- 読書メモ(063)
- 日本と世界の怪奇実話集
- なんか、なつかしさを感じる
- オススメ度:★★★☆☆
【怪奇実話集とは】
最近、2冊の「怪奇実話」に関するアンソロジーを読んだ。ひとつ目は、かの平井呈一が編訳した「世界怪奇実話集」で、これはなんと60年ぶりの復刊だという。
もうひとつは、現代を代表する怪奇アンソロジスト東雅夫による「日本怪奇実話」に関するもの。中身は明治末年から昭和初期にかけてのものです。
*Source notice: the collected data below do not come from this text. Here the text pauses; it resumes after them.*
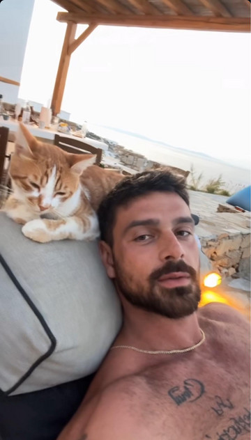 Ο ίδιος ανέβασε στον προσωπικό του λογαριασμό στο Instagram μια φωτογραφία από το μέρος που διαμένει, έχοντας στο πλευρό του μια γάτα, αλλά και μια αφιέρωση που έκανε στον φίλο του και γνωστό Pr Manager της Ελλάδας, Ανέστη Ευαγγελόπουλο αναφέροντας ότι είναι μια όμορφη ψυχή και τις ευχαριστίες του για το δώρο που του έκανε.
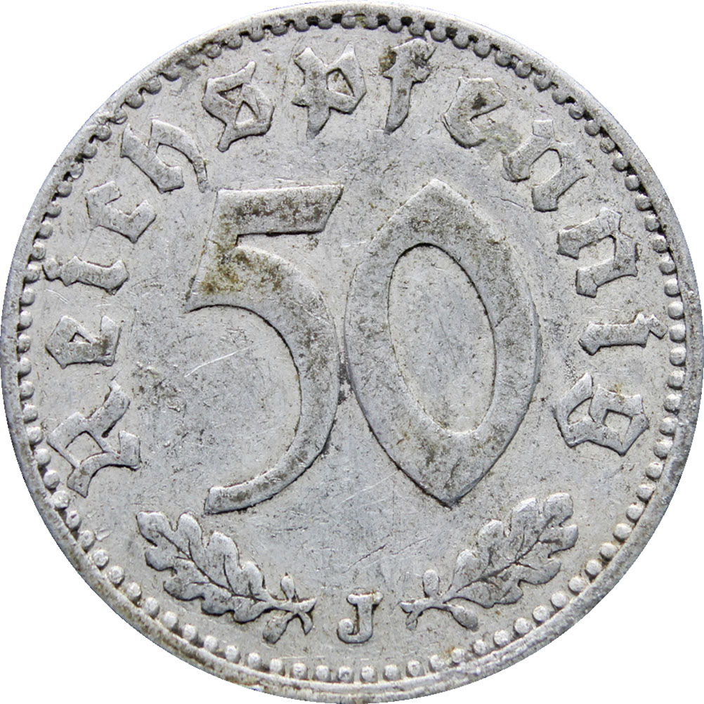 Reverse: value and two oak leaves, mintmark J, below 50 between leaves.
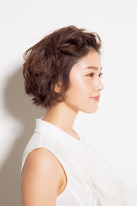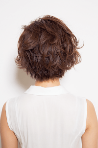 毛先を内、外ミックスでランダムに巻き、元気いっぱいに動かしたら、顔まわりをねじり編みに。
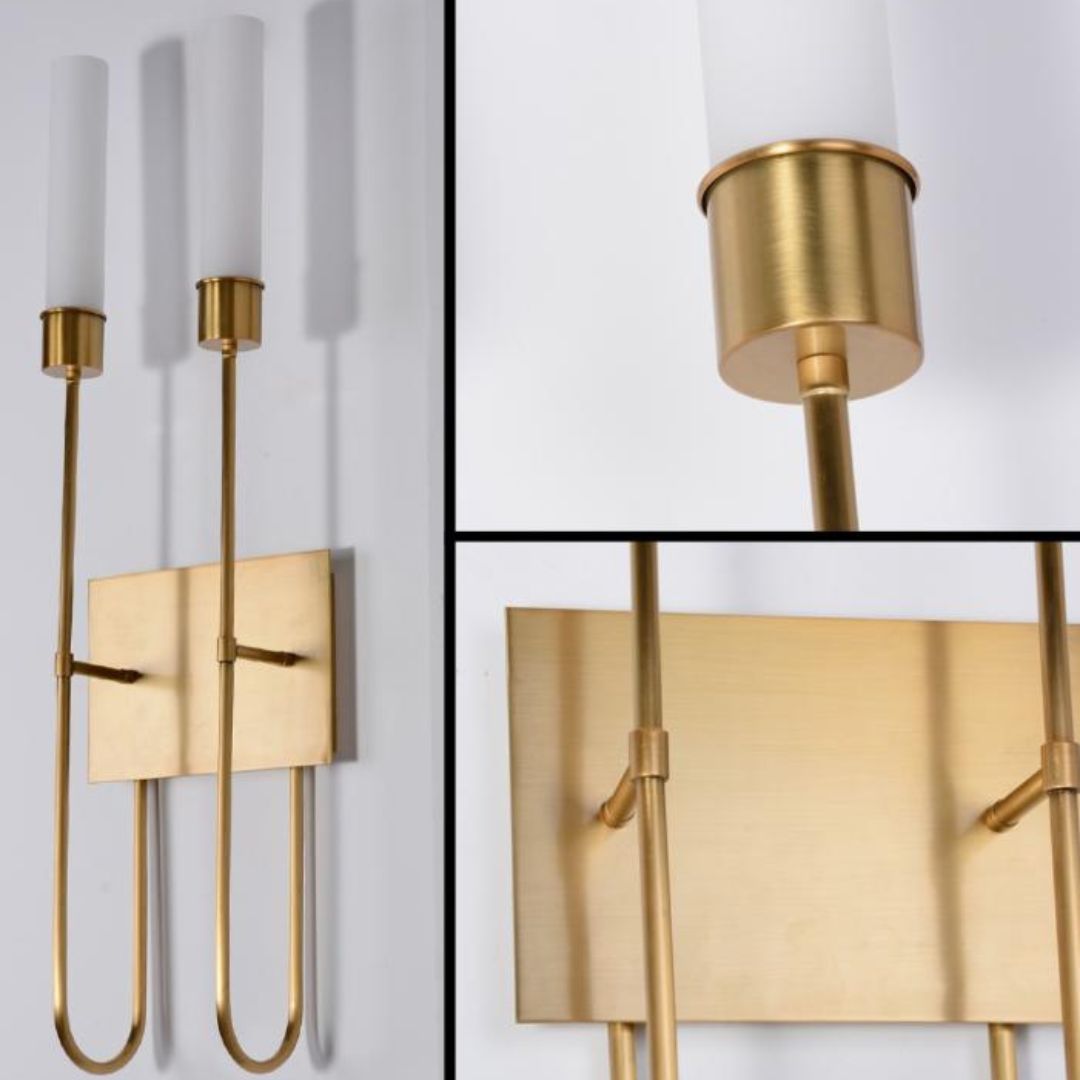 Phần chao đèn dạng ống đứng bằng acrylic mờ được lắp gọn gàng trên đầu thân kim loại, mang lại hiệu ứng ánh sáng lan tỏa đều, không chói mắt. Ánh sáng phát ra dịu nhẹ, tinh khiết, giúp bức tường trở nên sinh động mà vẫn giữ được sự thanh lịch. Thiết kế đôi tạo nên cảm giác cân bằng và nhịp điệu trong bố cục không gian – không quá phô trương, nhưng vẫn thu hút ánh nhìn bởi vẻ sang trọng, tối giản đúng chuẩn nội thất hiện đại.

ところで、「怪奇実話」とは何かということですが、これはたぶん現代も盛んに行われている怪談や、実録もののホラーなんかに、通じるものだと思います。怪奇な実話とは実際にあった体の怪奇な話であり、また、奇っ怪な実話でもあるのでしょう。怖さと懐かしさが同居したような短編集でした。
【日本編】
・『日本怪奇実話集 亡者会』(創元推理文庫)
まず収められている田中貢太郎のものは、現代ものに翻案できそうなのもあるんじゃないかと思わせるような実録ものが多い印象。
その次の平山蘆江のものに関しては、なんとなく女性が非主体的に描かれたものが多いような気がする。恨みをもった幽霊として化けて出てくるのが女性という図式があって、これは江戸時代から踏襲したものもあるのだろうか。ちなみに、それだけではないのもありますが。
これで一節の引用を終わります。